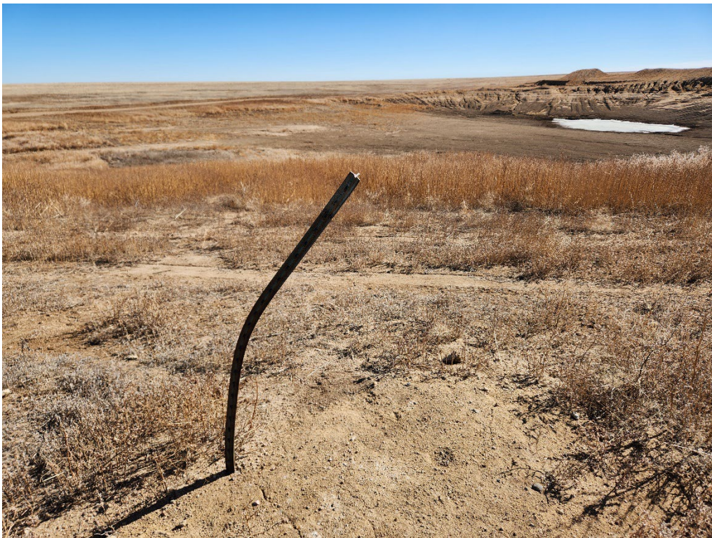
Photo 2. Permit boundary marker in the northwest corner of site looking south.
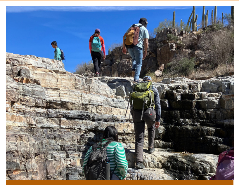
Interns hiking at King Canyon (Saguaro National Park West)

Feedback from the group indicates that YBS continues to be a dynamic and influential program. However, interns found crafting their "climate story" broad and challenging, indicating that the program's focus still needs to become more specific in scope. Finally, staff & interns both noted that they wished the youth had been able to spend more time meeting and engaging with community members & connecting with the natural world.
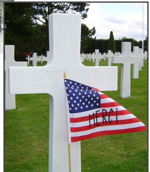
American Cemetery Omaha Beach (right)
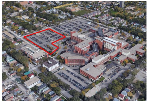
The new parkade will be located on the northwest corner of the Regina General Hospital lot.

The new parkade at the Regina General Hospital will improve safety and accessibility for hospital staff, patients and visitors. It will be built in the northwest portion of the existing visitor parking lot and will provide a minimum of 800 stalls, a net increase of at least 566 parking stalls. Once completed, the parkade will offer a much-needed upgrade to parking services for the hospital. The SHA will lease the 800 stalls from the chosen proponent.

Task description »
In the records above, everything from the line with "Feedback from the" down to the line with "The new parkade will" must be duplicated exactly, both lines kept. Leave no pictures in.

Output of the task »
Feedback from the group indicates that YBS continues to be a dynamic and influential program. However, interns found crafting their "climate story" broad and challenging, indicating that the program's focus still needs to become more specific in scope. Finally, staff & interns both noted that they wished the youth had been able to spend more time meeting and engaging with community members & connecting with the natural world.
American Cemetery Omaha Beach (right)
The new parkade will be located on the northwest corner of the Regina General Hospital lot.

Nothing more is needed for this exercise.